PG18 extension_control_path

[!NOTE] PostgreSQL 18 "Add server variable extension_control_path to specify the location of extension control files (Peter Eisentraut, Matheus Alcantara)"⁵.

Pre-PG18: control files only loaded from $(pg_config --sharedir)/extension/. To install an extension from a custom location, you had to copy the .control and .sql files into that directory.

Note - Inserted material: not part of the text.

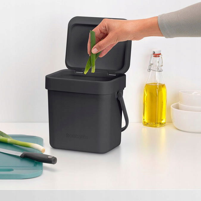 Brabantia Sort & Go o pojemności 3 litrów to praktyczny i kompaktowy kosz idealny do odpadów organicznych. Dzięki niewielkim wymiarom możesz postawić go na kuchennym blacie lub schować w szufladzie. Solidny uchwyt ułatwia przenoszenie, a minimalistyczny design w szarym kolorze pasuje do każdej kuchni.
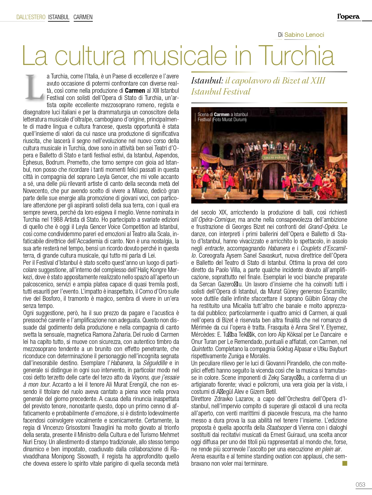 La Turchia, come l’Italia, è un Paese di eccellenze e l’avere avuto occasione di potermi confrontare con diverse realtà, così come nella produzione di Carmen al XIII Istanbul Festival con solisti dell’Opera di Stato di Turchia, un’artista ospite eccellente mezzosoprano romeno, regista e disegnatore luci italiani e per la drammaturgia un conoscitore della letteratura musicale d’oltralpe, cambogiano d’origine, principalmente di madre lingua e cultura francese, questa opportunità è stata quell’insieme di valori da cui nasce una produzione di significativa riuscita, che lascerà il segno nell’evoluzione nel nuovo corso della cultura musicale in Turchia, dove sono in attività ben sei Teatri d’Opera e Balletto di Stato e tanti festival estivi, da Istanbul, Aspendos, Ephesus, Bodrum.

PG18+: extension_control_path GUC (default $system) accepts a colon-separated list of directories. PostgreSQL searches in order:

# postgresql.conf
extension_control_path = '$system:/opt/myextensions/share:/home/postgres/dev-extensions'

$system resolves to the default share directory. Useful for:

• Development workflows (install dev versions without sudo)
• Multi-tenant clusters with per-tenant extensions
• Distroless / read-only base-image deployments (mount extensions into a writable path)

[!NOTE] PostgreSQL 18 "Add macro PG_MODULE_MAGIC_EXT to allow extensions to report their name and version (Andrei Lepikhov). This information can be accessed via the new function pg_get_loaded_modules()."⁶. Diagnostic for "which extension shared libraries are loaded in this backend right now"; complements pg_extension (catalog state) with runtime-loaded-library state.

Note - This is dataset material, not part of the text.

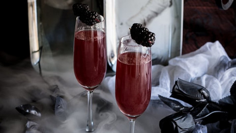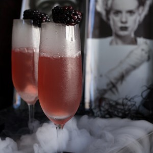 Bride of Frankenstein Cocktail - Vanilla Blackberry Champagne Cocktail

Contrib Extension Inventory

PG16 ships 50 contrib extensions. The --contrib package on most distributions includes all of them. Each is installable via CREATE EXTENSION <name>.

Common Third-Party Extensions

Not in core. Each maintained independently. Verify version-to-PG-major compatibility before installing — most lag by 1-2 majors.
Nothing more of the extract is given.